APPFL: Open-Source Software Framework for Privacy-Preserving Federated Learning
This framework addresses the need for flexible and scalable privacy-preserving FL tools, particularly in domains like biomedicine and smart grid where data sharing is restricted, though it is incremental as it builds on existing FL research.
The authors introduced APPFL, an open-source software framework for privacy-preserving federated learning, which enables users to implement and deploy FL algorithms with privacy techniques and includes a new communication-efficient algorithm that reduces server-client communication compared to state-of-the-art methods.

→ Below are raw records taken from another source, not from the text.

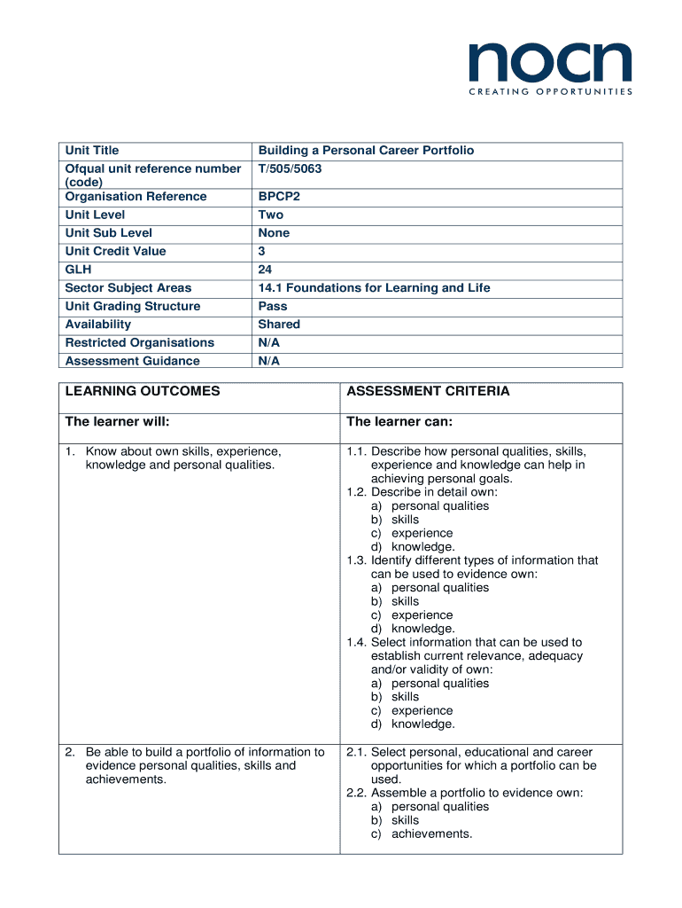 Unit TitleBuilding a Personal Career PortfolioOfqual unit reference number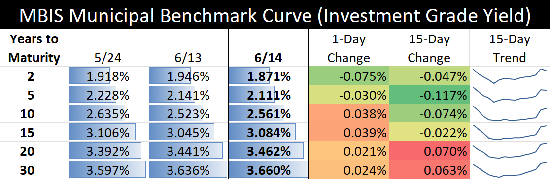 The interest rate table above illustrates recent changes in a sample of MBIS “investment grade” yields. Every issuer’s credit is different. For rates that may be applicable to your municipality, contact our Municipal Bond Advisors, Larry Kleeman and Beth Warren.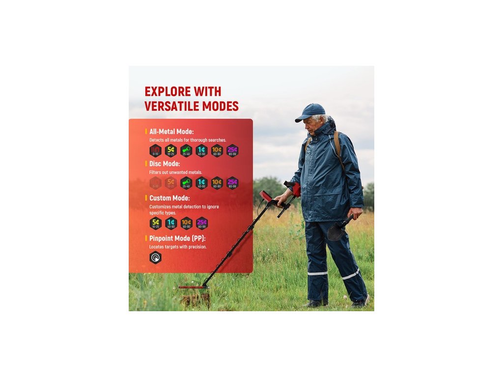 A KAIWEETS fémdetektor 4 továbbfejlesztett üzemmóddal rendelkezik. ① Minden fém üzemmód. ② Korong üzemmód: A nem kívánt fémcélok fokozatos eltávolítása. ③ Bevágás üzemmód: A nem kívánt fémcélok eltávolításának testreszabása. ④ Pinpoint mód: Pontos célpontlokalizáció a különböző terepviszonyokhoz és céltípusokhoz való alkalmazkodáshoz a hatékony kincsvadászat érdekében.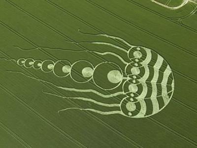 英国发现迄今最大麦田怪圈:巨型水母入侵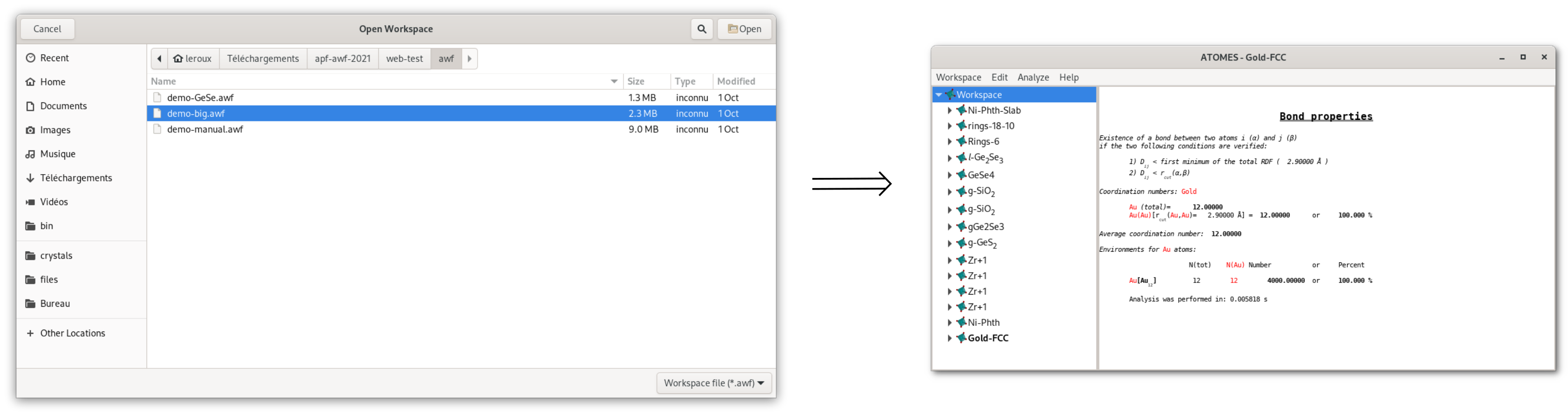 To open atomes workspace file use the "Open Workspace" dialog [Fig. 3.8].

Federated learning (FL) enables training models at different sites and updating the weights from the training instead of transferring data to a central location and training as in classical machine learning. The FL capability is especially important to domains such as biomedicine and smart grid, where data may not be shared freely or stored at a central location because of policy challenges. Thanks to the capability of learning from decentralized datasets, FL is now a rapidly growing research field, and numerous FL frameworks have been developed. In this work, we introduce APPFL, the Argonne Privacy-Preserving Federated Learning framework. APPFL allows users to leverage implemented privacy-preserving algorithms, implement new algorithms, and simulate and deploy various FL algorithms with privacy-preserving techniques. The modular framework enables users to customize the components for algorithms, privacy, communication protocols, neural network models, and user data. We also present a new communication-efficient algorithm based on an inexact alternating direction method of multipliers. The algorithm requires significantly less communication between the server and the clients than does the current state of the art. We demonstrate the computational capabilities of APPFL, including differentially private FL on various test datasets and its scalability, by using multiple algorithms and datasets on different computing environments.